Apart from the images, the entire listing below must be restated word for word.

* _Supplied data_:

<<<<

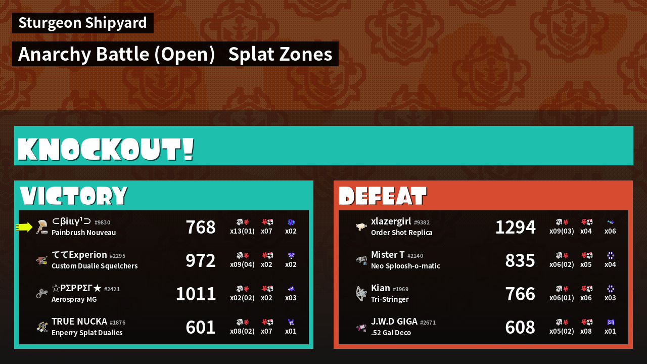 | Medals | #1 Overall Splatter #1 Splat Zone Guard #1 Enemy Splatter | ||
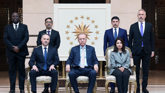 Beştepe'deki kabulde Belarus Büyükelçisi Anatoly Glaz, Brezilya Büyükelçisi Gilda Motta Santos Neves, Ekvador Büyükelçisi Pedro Vintimilla, Gürcistan Büyükelçisi Archil Kalandia ve Vietnam Büyükelçisi Dang Thi Thu Ha, Cumhurbaşkanı Erdoğan'a güven mektuplarını sundu.
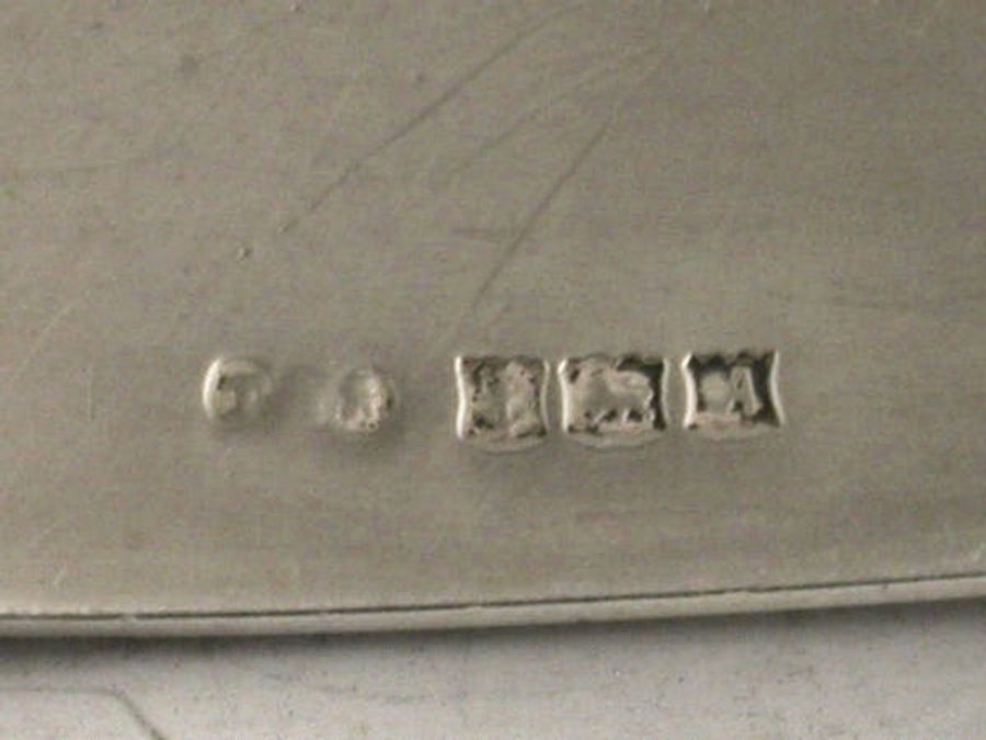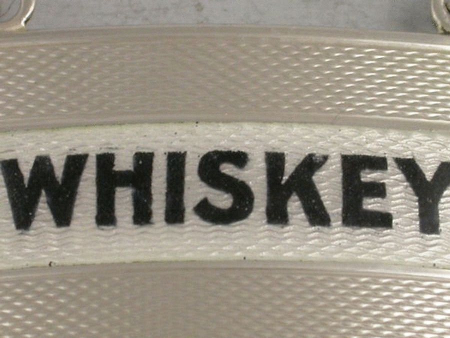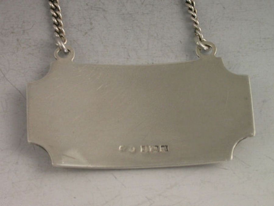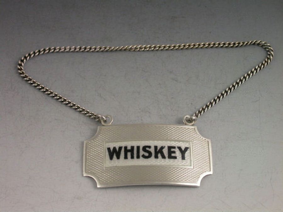 A mid 20th century silver and enamel Wine Label in the Art Deco style, of rectangular form with raised eyelets and concave cut corners, engine turned background, enamelled in black for WHISKEY on a white guilloche enamel panel.
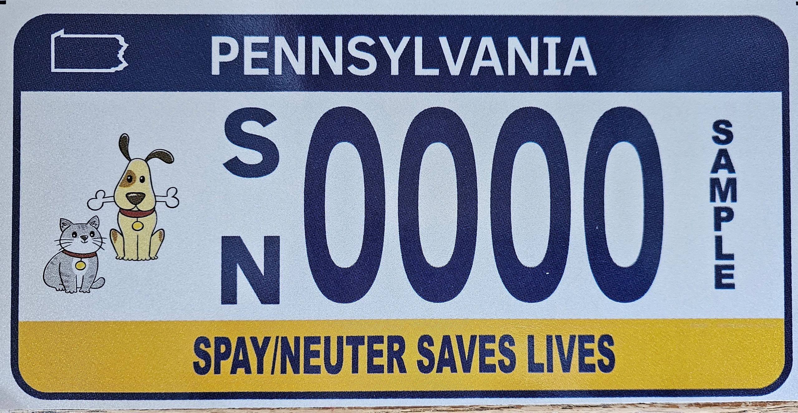 The amazing SNAP program provides low cost spay/neuters for animals in Pennsylvania. Their mission is to eliminate pet overpopulation as a cause of death, suffering, abuse, neglect, and abandonment by providing safe, low cost spay/neuter alternatives for cats and dogs. This license plate helps fund their program.

>>>>

* _Result of the task_:
 | Medals | #1 Overall Splatter #1 Splat Zone Guard #1 Enemy Splatter | ||
 Beştepe'deki kabulde Belarus Büyükelçisi Anatoly Glaz, Brezilya Büyükelçisi Gilda Motta Santos Neves, Ekvador Büyükelçisi Pedro Vintimilla, Gürcistan Büyükelçisi Archil Kalandia ve Vietnam Büyükelçisi Dang Thi Thu Ha, Cumhurbaşkanı Erdoğan'a güven mektuplarını sundu.
 A mid 20th century silver and enamel Wine Label in the Art Deco style, of rectangular form with raised eyelets and concave cut corners, engine turned background, enamelled in black for WHISKEY on a white guilloche enamel panel.
 The amazing SNAP program provides low cost spay/neuters for animals in Pennsylvania. Their mission is to eliminate pet overpopulation as a cause of death, suffering, abuse, neglect, and abandonment by providing safe, low cost spay/neuter alternatives for cats and dogs. This license plate helps fund their program.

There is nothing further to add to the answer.